> [What is being asked]:
What is needed is an exact copy of every entry below, minus the images.

> [Data extract]:
....................
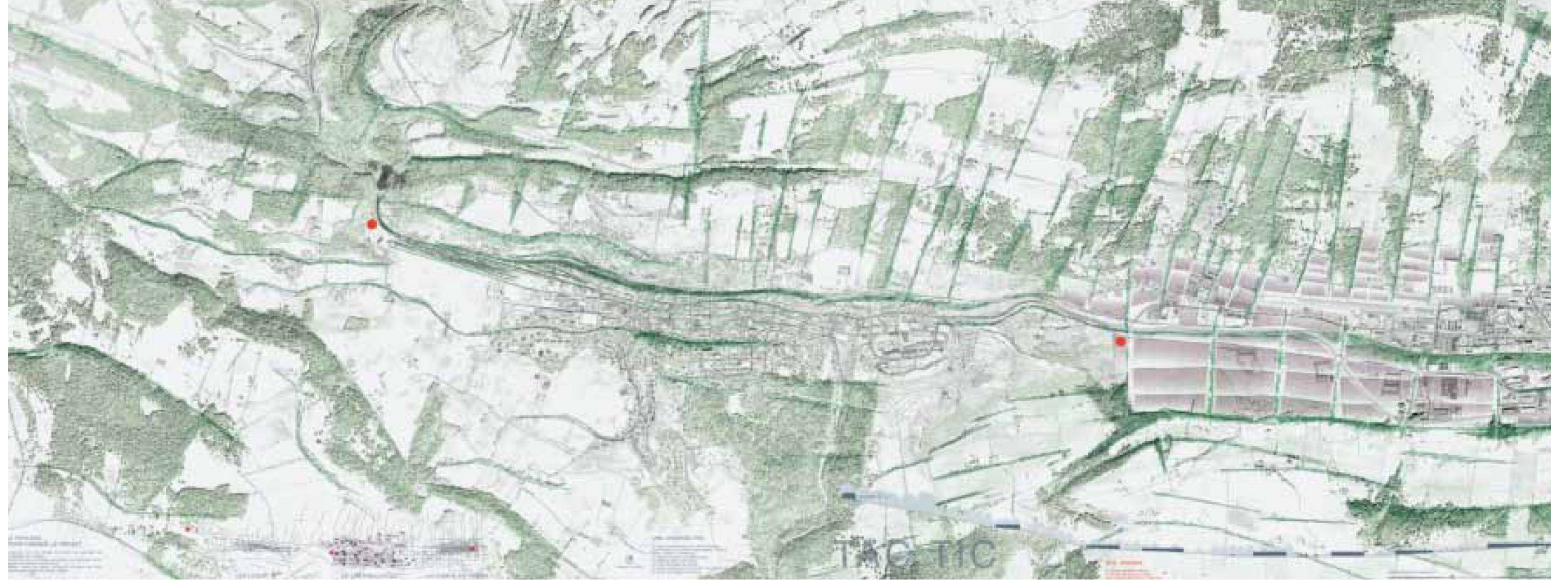
3. Preis: «tac tico», Paysagestion SA, Lausanne

Bauherrschaft zur Vertiefung empfohlen hat, entstand aus der Zusammenarbeit der beiden Büros Tanari Architectes et Urbanistes, Thônex-Genève, und JL+CH Thibaud Zingg SA, Yverdon-les-Bains. Das Hauptanliegen dieses Projektes offenbart sich am augenfälligsten in den Schnitten:
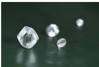
手前(左) カット・研磨前の天然ダイヤモンドと(右) グランバーガープレジジョンカット®完成品メレダイヤモンド
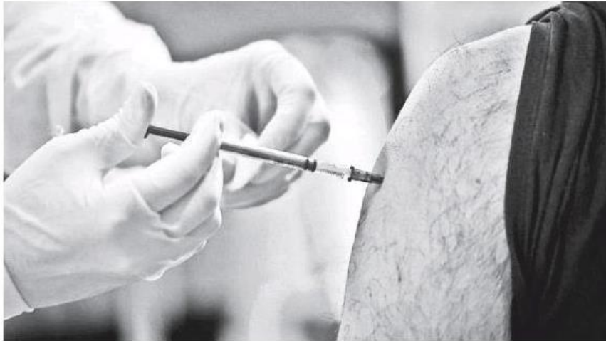
Se aplicaron mil 793 dosis de vacunación contra Covid-19 de CanSino.
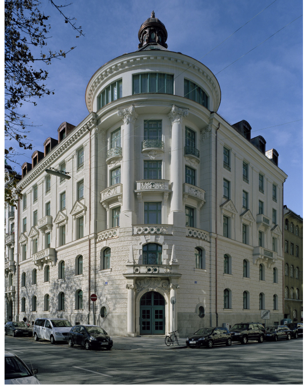
links | Zustand vor Sanierung rechts | nach Sanierung 2006
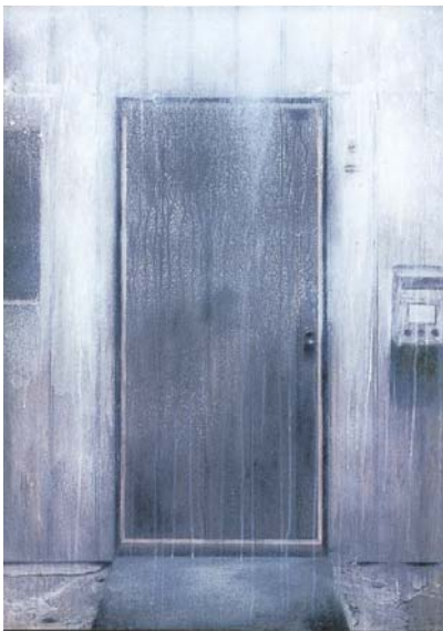
ドア 1990 紙に鉛筆、顔料 78.8×109cm

1992年、沖縄・玉城村百名のビーチにて。150号の額縁のみを並べて、《銚子の海》と名づけた。別な場所の名前を付けてみたのは、フレームによって切り取られる海の匿名性に絵画の虚構性を重ねて示したかったから
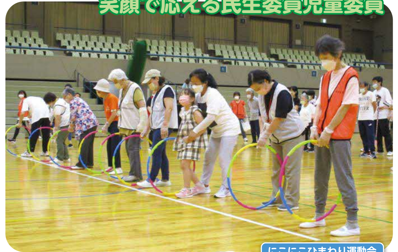
にこにこひまわり運動会
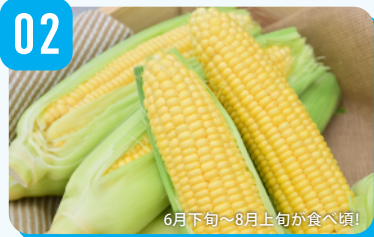
6月下旬~8月上旬が食べ頃!
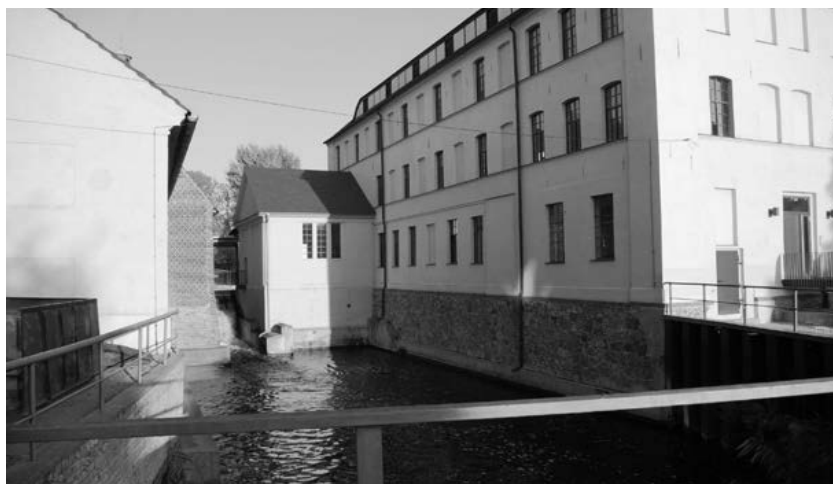
Hüttenwerk Peitz

Neben den technischen Anlagen und Gebäuden ist noch eine besondere ingenieurtechnische Leistung der damaligen Zeit zu bewundern, der Hammergraben . Ohne den Hammergraben würden alle technischen Anlagen in den Gebäuden
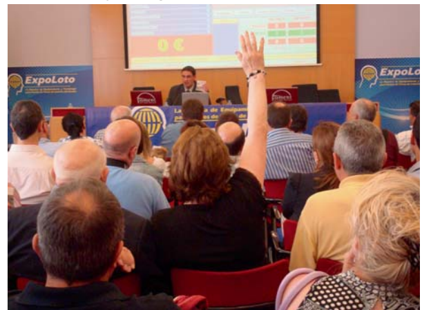
Distintos momentos de ExpoLoto Madrid y Barcelona 2011: charlas, presentaciones, exposición...
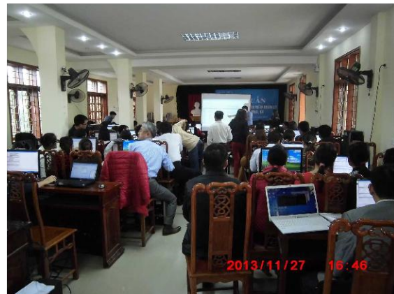
[写真 8:Mame-NET 研修指導の様子]
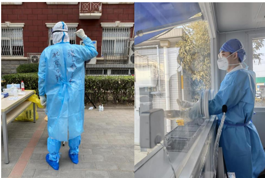
作者跟随北京口腔医院核酸采样队伍执行采样任务。
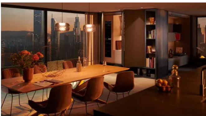
REVEGO als Baranwendung
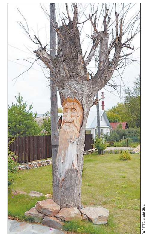
Старый тополь больше не нагоняет тоску на местных жителей

УЧРЕДИТЕЛИ И ИЗДАТЕЛИ: Губернатор Свердловской области, Законодательное Собрание Свердловской области.
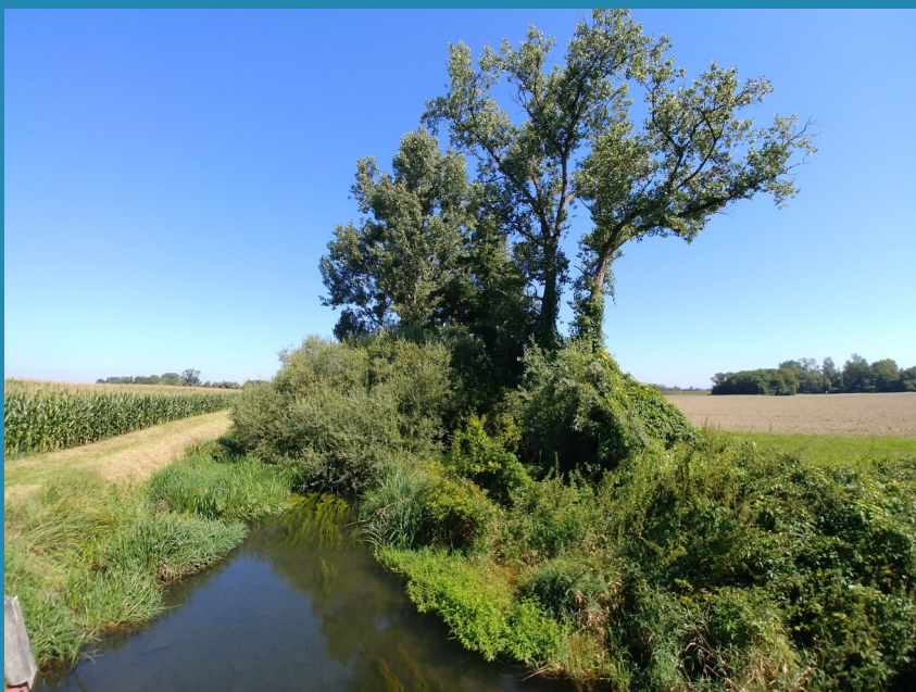
Haie en bordure du Rhin Tortu à Plobsheim en septembre 2021

Le corridor de l'Ill, en rive droite, entre les jardins familiaux de Illkirch et Eschau-Wibolsheim (site 6) couvre un paysage peu fréquenté, mais bénéficiant encore de ripisylves anciennes, de bosquets assez vastes, et de petits corridors de zones humides ou inondables, plus exceptionnellement de prairies (jardins familiaux). En complément des renaturations de zones humides déjà réalisées, la diversification de la trame boisée et du réseau de mares apparaît un enjeu fort, surtout dans un secteur sans circuits de promenade attractifs.
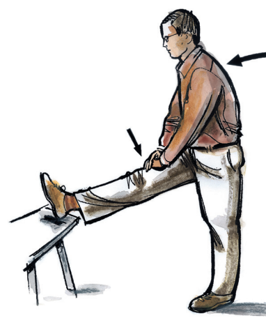
pánev posuň dopředu, noha stále natažená výdrž 3-5 sec
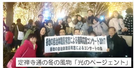
定禅寺通の冬の風物「光のページェント」
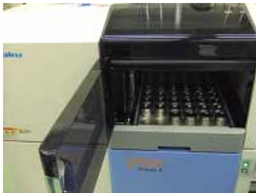
● サンプラーセット

蛍光 X 線分析により検出される全てのピークを解析し、理論値に対する相対強度から元素成分を定量します。
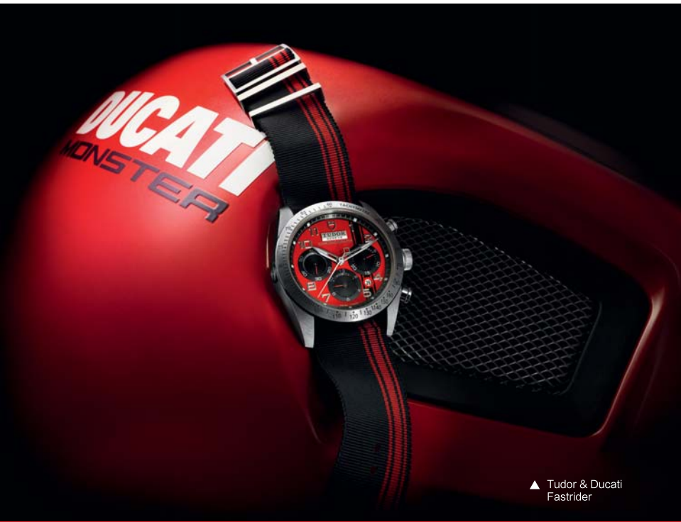
▲ Tudor & Ducati Fastrider
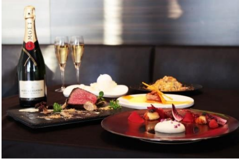
クリスマスコース(全6品) 15,000円 (税サ込・テーブルチャージ別) 提供期間：12月23日(水)～25日(金) 提供時間：17:00～22:00(L.O.)

東京駅を眼下に聖夜を彩るクリスマスコース。前菜はオマール海老と本マグロのセミクルードにキャビアを添えて。帆立貝に濃厚な雲丹のソースを合わせた前菜に続き、比内地鶏の Pasta、しっとり焼き上げた鹿児島県産尾長鯛、トリュフの芳醇な香りが堪らない黒毛和牛フィレ肉の葉包み焼き。デザートは純米酒景虎を使った白銀世界をイメージして仕上げたパンナコッタを。
....................
> [Response]:
3. Preis: «tac tico», Paysagestion SA, Lausanne

Bauherrschaft zur Vertiefung empfohlen hat, entstand aus der Zusammenarbeit der beiden Büros Tanari Architectes et Urbanistes, Thônex-Genève, und JL+CH Thibaud Zingg SA, Yverdon-les-Bains. Das Hauptanliegen dieses Projektes offenbart sich am augenfälligsten in den Schnitten:
手前(左) カット・研磨前の天然ダイヤモンドと(右) グランバーガープレジジョンカット®完成品メレダイヤモンド
Se aplicaron mil 793 dosis de vacunación contra Covid-19 de CanSino.
links | Zustand vor Sanierung rechts | nach Sanierung 2006
ドア 1990 紙に鉛筆、顔料 78.8×109cm

1992年、沖縄・玉城村百名のビーチにて。150号の額縁のみを並べて、《銚子の海》と名づけた。別な場所の名前を付けてみたのは、フレームによって切り取られる海の匿名性に絵画の虚構性を重ねて示したかったから
にこにこひまわり運動会
6月下旬~8月上旬が食べ頃!
Hüttenwerk Peitz

Neben den technischen Anlagen und Gebäuden ist noch eine besondere ingenieurtechnische Leistung der damaligen Zeit zu bewundern, der Hammergraben . Ohne den Hammergraben würden alle technischen Anlagen in den Gebäuden
Distintos momentos de ExpoLoto Madrid y Barcelona 2011: charlas, presentaciones, exposición...
[写真 8:Mame-NET 研修指導の様子]
作者跟随北京口腔医院核酸采样队伍执行采样任务。
REVEGO als Baranwendung
Старый тополь больше не нагоняет тоску на местных жителей

УЧРЕДИТЕЛИ И ИЗДАТЕЛИ: Губернатор Свердловской области, Законодательное Собрание Свердловской области.
Haie en bordure du Rhin Tortu à Plobsheim en septembre 2021

Le corridor de l'Ill, en rive droite, entre les jardins familiaux de Illkirch et Eschau-Wibolsheim (site 6) couvre un paysage peu fréquenté, mais bénéficiant encore de ripisylves anciennes, de bosquets assez vastes, et de petits corridors de zones humides ou inondables, plus exceptionnellement de prairies (jardins familiaux). En complément des renaturations de zones humides déjà réalisées, la diversification de la trame boisée et du réseau de mares apparaît un enjeu fort, surtout dans un secteur sans circuits de promenade attractifs.
pánev posuň dopředu, noha stále natažená výdrž 3-5 sec
定禅寺通の冬の風物「光のページェント」
● サンプラーセット

蛍光 X 線分析により検出される全てのピークを解析し、理論値に対する相対強度から元素成分を定量します。
▲ Tudor & Ducati Fastrider
クリスマスコース(全6品) 15,000円 (税サ込・テーブルチャージ別) 提供期間：12月23日(水)～25日(金) 提供時間：17:00～22:00(L.O.)

東京駅を眼下に聖夜を彩るクリスマスコース。前菜はオマール海老と本マグロのセミクルードにキャビアを添えて。帆立貝に濃厚な雲丹のソースを合わせた前菜に続き、比内地鶏の Pasta、しっとり焼き上げた鹿児島県産尾長鯛、トリュフの芳醇な香りが堪らない黒毛和牛フィレ肉の葉包み焼き。デザートは純米酒景虎を使った白銀世界をイメージして仕上げたパンナコッタを。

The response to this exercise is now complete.